The conceit of this evening’s entertainment is that it represents a piano lesson taking place on March 4, 1848, with the audience cast as students. At the outset, Chopin invites anyone from the audience to come to the stage and audition for him. I wonder if he ever gets any takers.
The interactive element that certainly works every time is several breaks in the program allowing attendees to ask questions. Needless to say, this procedure creates spontaneity and variability from one performance to another. To succeed, the maestro must know far more than is presented in the fixed narrative; he must ad lib in response in a witty manner; and he must be able to make deletions and enhancements to the script as dictated by the impromptu exchanges. Felder accomplishes these requirements with great aplomb and with an apt portrayal. His appearance and affect are right for the part, and he wisely uses enough accent to be realistic yet not so much as to make him hard to understand.
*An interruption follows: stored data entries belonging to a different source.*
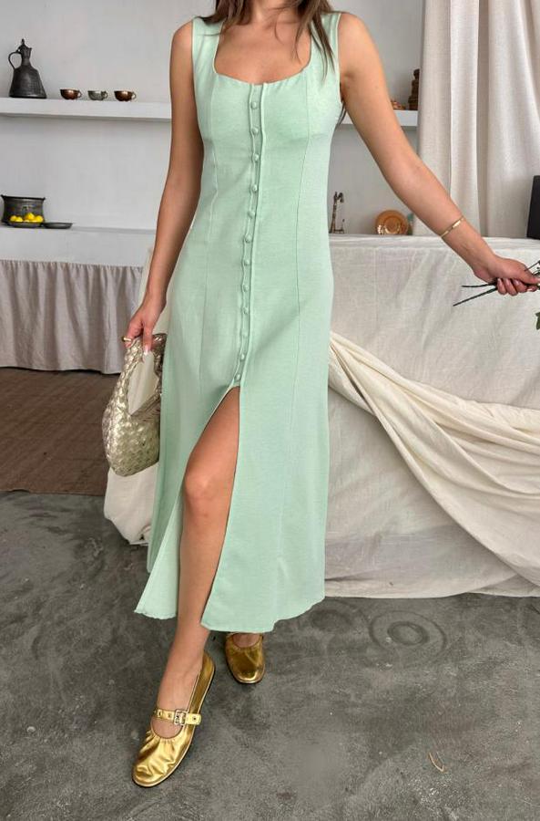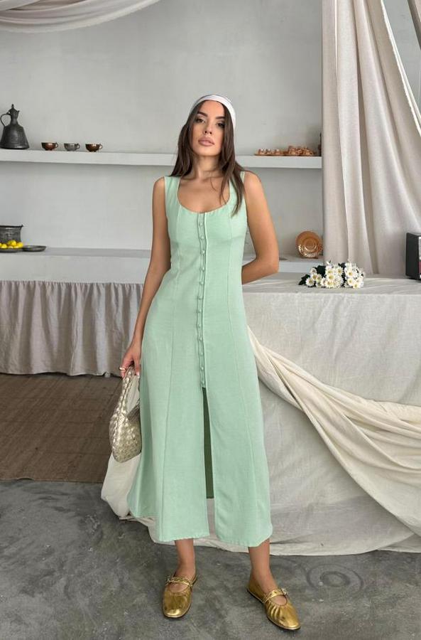 KETEN KOLSUZ KARE YAKA DÜĞME DETAYLI ELBİSE - Mint
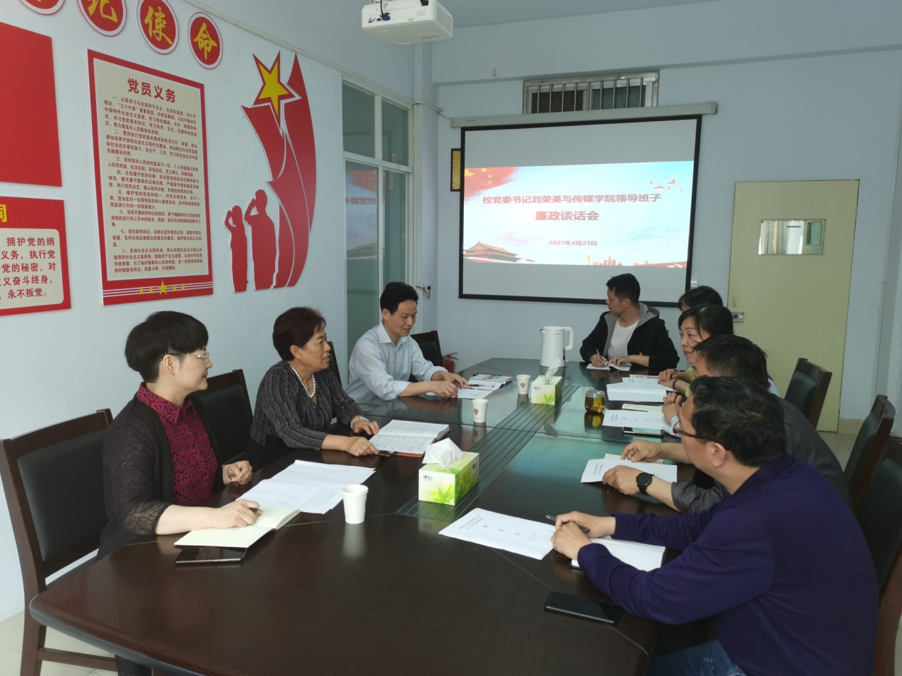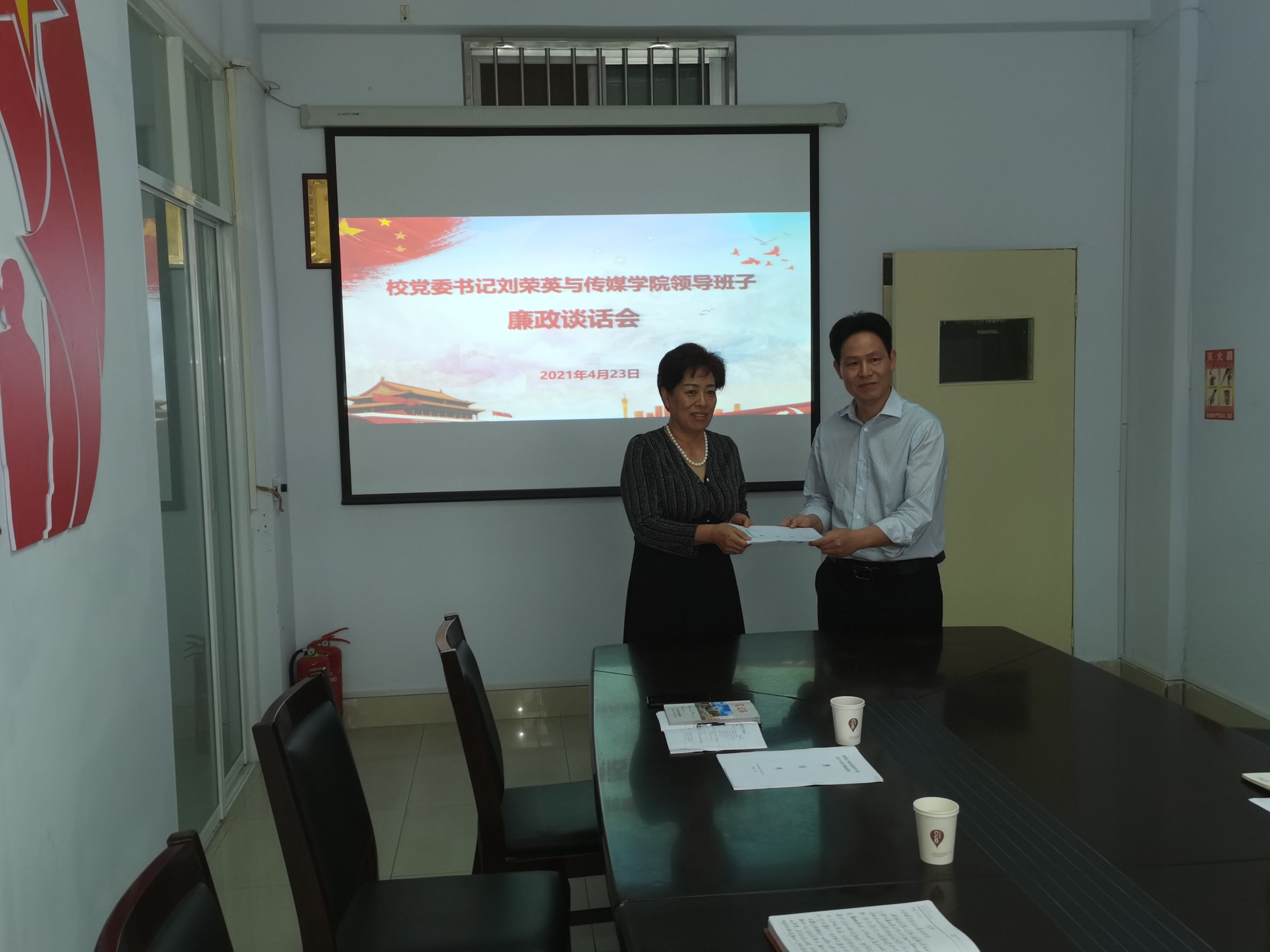 本网讯(特约记者/杨军)根据学校党风廉政建设责任书通知要求,4月23日上午,校党委书记刘荣英对传媒学院领导班子进行集体廉政谈话。
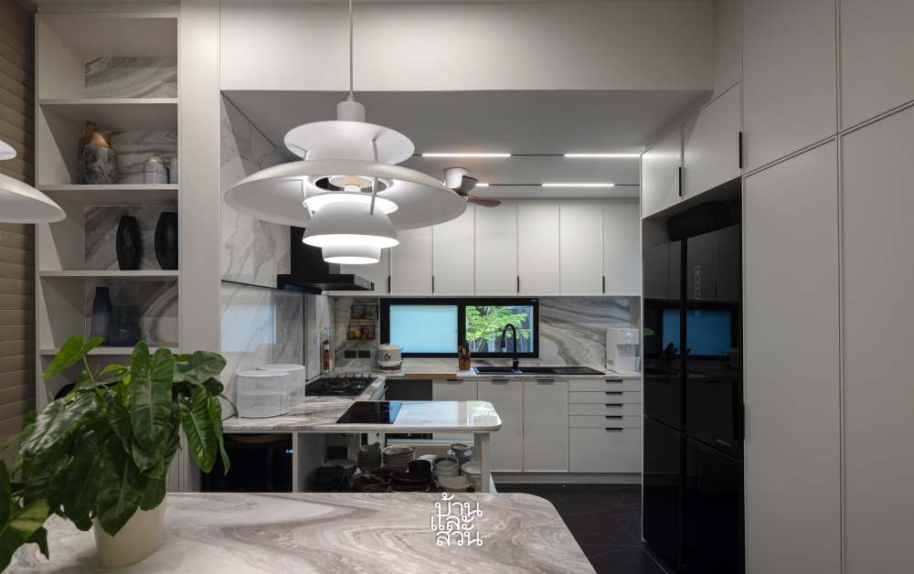 Bếp chính được thiết kế với tông trắng sáng để tạo cảm giác sạch sẽ và dễ sử dụng. Hệ tủ được bố trí chạy dọc theo tường, đủ chỗ cho rất nhiều đồ bếp vốn đã có sẵn từ trước. Ở giữa là đảo bếp ốp đá marble trắng, vừa dùng để chuẩn bị đồ ăn, vừa là điểm tụ họp nhẹ nhàng trong lúc nấu nướng.

Chopin was a master of the short form in classical music. Very different in his output than those who inspired him, he claimed to be most influenced by Bach, whom he said all composers borrowed from, and Mozart, whose music to him was like the sound of God. Particularly renowned for his rousing polonaises and mazurkas (along with delicate nocturnes and more), Chopin is fittingly noted as being perhaps the first nationalistic composer of serious music, prompting similar inclinations to be followed by Franz Liszt and others.
The excerpts in the program are mostly lively and highly melodic, but there is a bit of sameness in many. They do however offer a great opportunity for Felder to display his prowess at the keyboard. His skill is especially well demonstrated in the closing polonaise in which, at times, the complexity of the piano piece and its playing suggest the richness of an orchestra. He also illustrates the impressionism in Chopin’s composition by playing and explaining small phrases that are suggestive of actions from flirting to grumbling.
We learn of Chopin’s life story, which, for the greater part, is a sad one. Fortunately, he did succeed at times at composing and teaching. He performed in concert only 30 times in his life, but was noted in the salons of the intelligentsia, and recognized by the more famous Liszt as the greatest pianist alive, quite a tribute from one whom many would have considered deserving of that honor.
Chopin left Poland at age 20, never to return. His homeland had been carved up by Russia, Prussia, and Austro-Hungary, and he was afraid to return as the Russians, who controlled Warsaw, might not let him leave again. In a poignant reminder of Russia’s international aggression that resonates today, an uprising by the Polish people shortly before this “class” was taught was ruthlessly suppressed by Russian troops who perpetrated wanton destruction. Sound familiar?
The composer failed in love, most conspicuously in a conflicted eight-year relationship with author Georges Sand (née Amantine Dupin). More critically, he was sickly his whole life and died of a heart condition at age 39. But for theater goers, the telling of the tragedies of that short existence and hearing some of the timeless musical legacy he left behind is a rewarding experience.
A final note – many patrons wish to see a listing of the numbers performed in a theatrical performance with music. Unfortunately, the program does not adhere to the time honored tradition of publishing such a record.
“Chopin in Paris” written by Hershey Felder, with the music of Fyrderyk Chopin, Mozart, and others, is produced by TheatreWorks Silicon Valley, and plays at Mountain View Center for the Performing Arts, 500 Castro St., Mountain View, CA through September 11, 2022.